株式会社にお金を提供する覚悟

2015年11月8日

「株式会社」という仕組みで投資する、すなわちお金を提供する人は「株主」です。
株主は、お金を失う覚悟が必要になります。
例えば、株式会社がスマートフォン工場を作り、製造する計画を立てたとします。
作ったスマートフォンが売れて利益が出ればハッピーです。
が、もし利益が出なかったら、お金を提供した見返りの利益はゼロです。
それどころか赤字で会社が倒産しようものなら、提供したお金自体がゼロになってしまう可能性も出てきます。

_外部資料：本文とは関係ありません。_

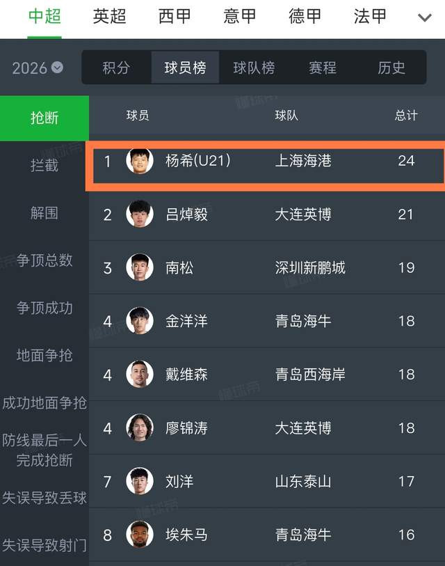 第三个,杨希就是海港今年最超值的引援,甚至不输新引进的外援安佩姆和让克劳德,今天他不仅打进关键进球,而且还有2次成功过人和2次造犯规,进攻能力完全开发出来了,而在防守端,他更是以24次抢断,高居中超抢断榜第一,妥妥的中超抢断王。
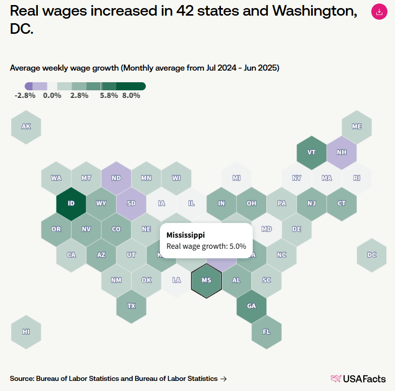 Notably, eight states showed negative real wage growth, including Mississippi’s northern neighbor of Tennessee.
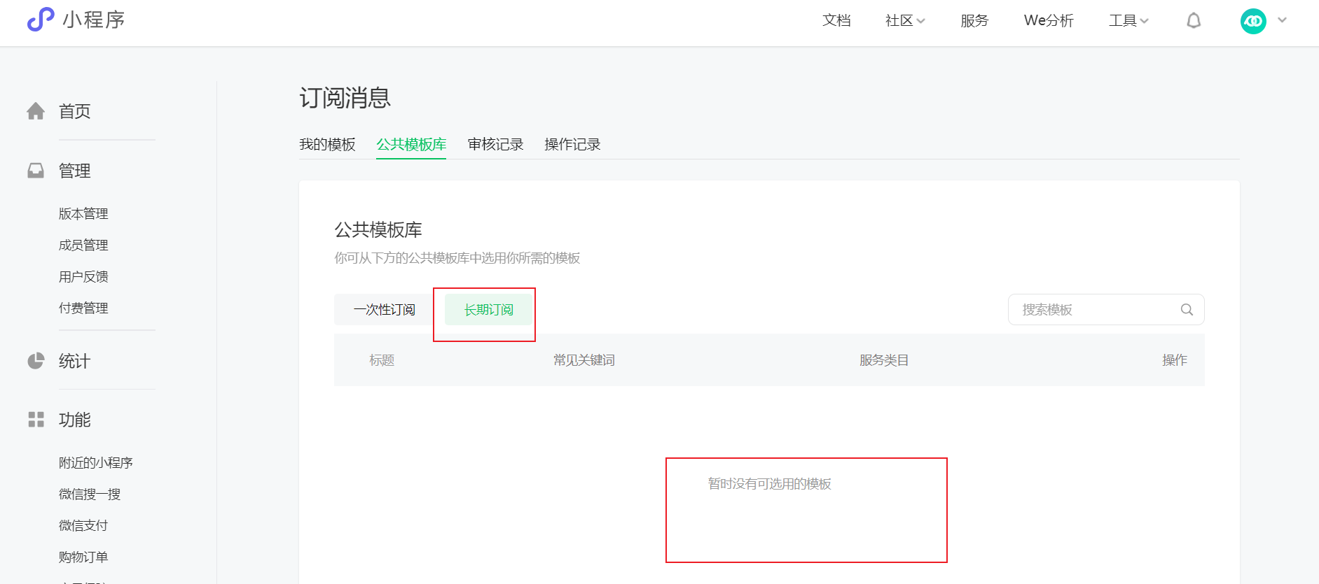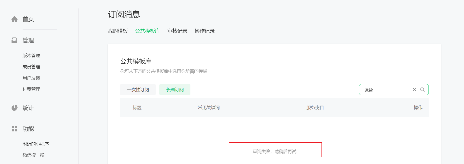 硬件设备申请的设备和消息能力审核已通过(下图1),但是在订阅消息的长期订阅没有看到相应的模板(下图2),搜索也提示查询失败(下图3)
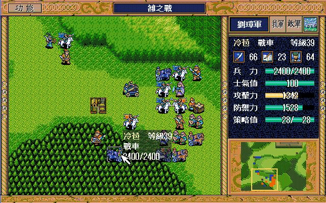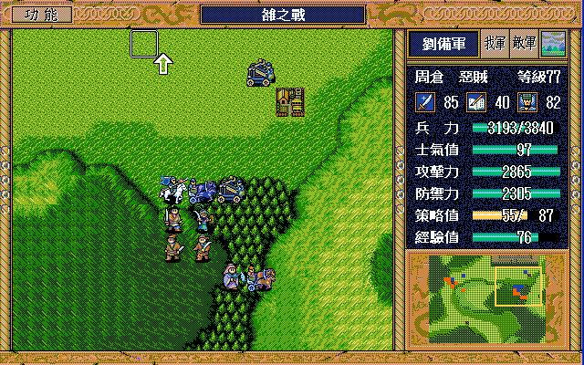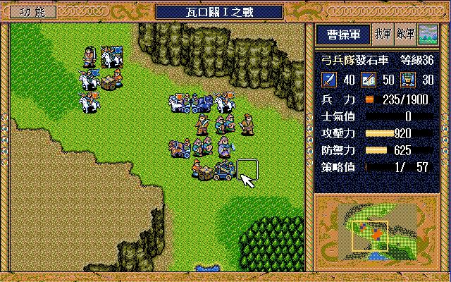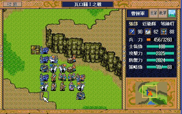 到23回合,张郃兵力见底,马良亦达到44级,所以停止打张郃,刘辟移到马良的位置继续烧,用光了身上的焦热书,刘封等人依次到刘辟腾出的位置给张郃打,供瓦口关II开始时激励、援助。27回合,46级吴兰吃掉丁四右边41级骑兵,利用村中骑兵先动腾出村庄供张郃恢复,这点实现起来比较困难,原因是张郃攻击力高,总是打人不肯进村庄恢复,最后用赵云顶在他前面并将其士气降到45才进村(士气再低也不行,降到40以下他就原地激励了),而且29回合士气补足后就重新出来打人了,只给刘辟增加了3次反击机会。

利益の一部を得るチャンスとともに、掛け金を失うリスクを負っているということです。
お金の提供から利益が出るまでに長い時間もかかります。
株主は、非情な覚悟をもって決断する必要があります。
でも、これじゃあ株主になろうなんて人はなかなか出てきませんよね。

投資をするにあたって、株主の負担を軽減しようとするのが「株式市場」です。
株式市場では、「投資で得られた利益の一部を貰う権利」を売り買いできます。
この権利を形にしたものが「株式」です。
(株式には他にも色々権利があるのですが、ここでは省略)

なので、もし「売ろうとしているスマートフォンは全然売れないかも」という株主は、
「このスマートフォンは売れる!」と思っている人を見つけて権利をその人に売れます。

投資して得られた権利を売買できる場所があれば、
株式会社に投資する前に必要な覚悟を軽減できます。
だって、もし投資をやめたくなったらやめられるから。

株式市場で株式を売り買いするということは、
「投資で得られた利益の一部を貰う権利」を売り買いするということです。